== About this exercise ==
When the line containing "Железная дорога Эритреи" appears in the data below, begin copying there and stop only after the line containing "6、在设置界面,我们需要点击【聊天】功能,进入聊天功能界面;".

BEGIN Material for the task

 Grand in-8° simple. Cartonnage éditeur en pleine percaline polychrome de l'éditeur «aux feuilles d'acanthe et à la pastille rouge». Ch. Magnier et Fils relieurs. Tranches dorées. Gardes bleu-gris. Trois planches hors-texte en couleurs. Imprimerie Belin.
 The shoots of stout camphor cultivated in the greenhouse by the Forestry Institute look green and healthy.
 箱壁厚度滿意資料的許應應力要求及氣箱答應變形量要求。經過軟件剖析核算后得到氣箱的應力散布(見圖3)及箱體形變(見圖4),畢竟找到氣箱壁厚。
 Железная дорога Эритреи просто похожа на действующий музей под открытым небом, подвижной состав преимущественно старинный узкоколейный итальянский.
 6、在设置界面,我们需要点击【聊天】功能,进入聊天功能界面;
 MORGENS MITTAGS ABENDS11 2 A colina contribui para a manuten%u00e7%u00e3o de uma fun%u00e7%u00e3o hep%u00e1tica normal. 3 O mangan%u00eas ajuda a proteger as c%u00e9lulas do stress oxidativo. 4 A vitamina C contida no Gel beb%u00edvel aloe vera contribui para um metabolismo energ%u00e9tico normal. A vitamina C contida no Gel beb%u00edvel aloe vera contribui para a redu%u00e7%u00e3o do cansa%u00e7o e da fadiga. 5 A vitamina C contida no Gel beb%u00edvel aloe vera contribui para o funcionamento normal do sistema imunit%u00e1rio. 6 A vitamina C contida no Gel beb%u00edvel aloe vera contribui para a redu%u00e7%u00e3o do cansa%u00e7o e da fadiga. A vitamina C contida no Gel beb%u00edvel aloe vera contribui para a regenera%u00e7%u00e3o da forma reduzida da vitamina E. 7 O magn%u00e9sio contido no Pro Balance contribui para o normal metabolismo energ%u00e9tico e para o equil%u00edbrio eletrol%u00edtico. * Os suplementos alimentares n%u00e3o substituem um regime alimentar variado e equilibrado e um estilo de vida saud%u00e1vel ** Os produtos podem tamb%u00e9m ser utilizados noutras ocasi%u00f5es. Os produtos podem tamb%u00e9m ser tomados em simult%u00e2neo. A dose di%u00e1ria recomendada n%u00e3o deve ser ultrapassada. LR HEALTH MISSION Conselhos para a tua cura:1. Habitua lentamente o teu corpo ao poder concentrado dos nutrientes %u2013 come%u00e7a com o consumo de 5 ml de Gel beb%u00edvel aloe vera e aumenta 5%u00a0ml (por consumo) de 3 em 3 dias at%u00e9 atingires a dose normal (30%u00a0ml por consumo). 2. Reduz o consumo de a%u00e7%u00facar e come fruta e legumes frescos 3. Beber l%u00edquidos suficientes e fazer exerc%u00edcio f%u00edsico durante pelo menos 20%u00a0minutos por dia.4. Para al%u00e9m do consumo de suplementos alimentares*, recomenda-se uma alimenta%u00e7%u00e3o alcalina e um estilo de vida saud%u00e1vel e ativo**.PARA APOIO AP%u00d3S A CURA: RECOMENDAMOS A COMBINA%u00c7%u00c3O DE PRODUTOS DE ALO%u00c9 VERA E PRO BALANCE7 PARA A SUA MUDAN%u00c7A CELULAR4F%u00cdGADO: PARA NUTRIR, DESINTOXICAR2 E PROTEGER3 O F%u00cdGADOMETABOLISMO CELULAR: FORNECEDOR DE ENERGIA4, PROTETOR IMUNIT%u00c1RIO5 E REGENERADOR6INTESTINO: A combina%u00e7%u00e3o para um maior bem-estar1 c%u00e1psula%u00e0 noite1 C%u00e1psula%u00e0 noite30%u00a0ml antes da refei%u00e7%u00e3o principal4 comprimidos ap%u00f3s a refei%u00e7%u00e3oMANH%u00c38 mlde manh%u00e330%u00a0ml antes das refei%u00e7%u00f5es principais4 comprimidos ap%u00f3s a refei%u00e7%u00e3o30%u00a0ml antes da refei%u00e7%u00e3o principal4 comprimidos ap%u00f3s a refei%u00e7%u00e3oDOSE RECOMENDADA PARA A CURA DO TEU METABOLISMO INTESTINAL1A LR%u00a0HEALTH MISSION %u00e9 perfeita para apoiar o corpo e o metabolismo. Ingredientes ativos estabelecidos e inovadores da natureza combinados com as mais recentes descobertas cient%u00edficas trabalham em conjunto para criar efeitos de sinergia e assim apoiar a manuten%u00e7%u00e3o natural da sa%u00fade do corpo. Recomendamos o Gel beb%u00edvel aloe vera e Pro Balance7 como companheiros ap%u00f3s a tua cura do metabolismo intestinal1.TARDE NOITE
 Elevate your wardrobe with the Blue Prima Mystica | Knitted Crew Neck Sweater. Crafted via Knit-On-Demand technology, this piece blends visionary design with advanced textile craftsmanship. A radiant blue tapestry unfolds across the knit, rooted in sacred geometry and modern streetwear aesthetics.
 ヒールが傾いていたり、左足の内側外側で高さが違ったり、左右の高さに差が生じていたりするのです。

END Material for the task

== Answer below ==
 Железная дорога Эритреи просто похожа на действующий музей под открытым небом, подвижной состав преимущественно старинный узкоколейный итальянский.
 6、在设置界面,我们需要点击【聊天】功能,进入聊天功能界面;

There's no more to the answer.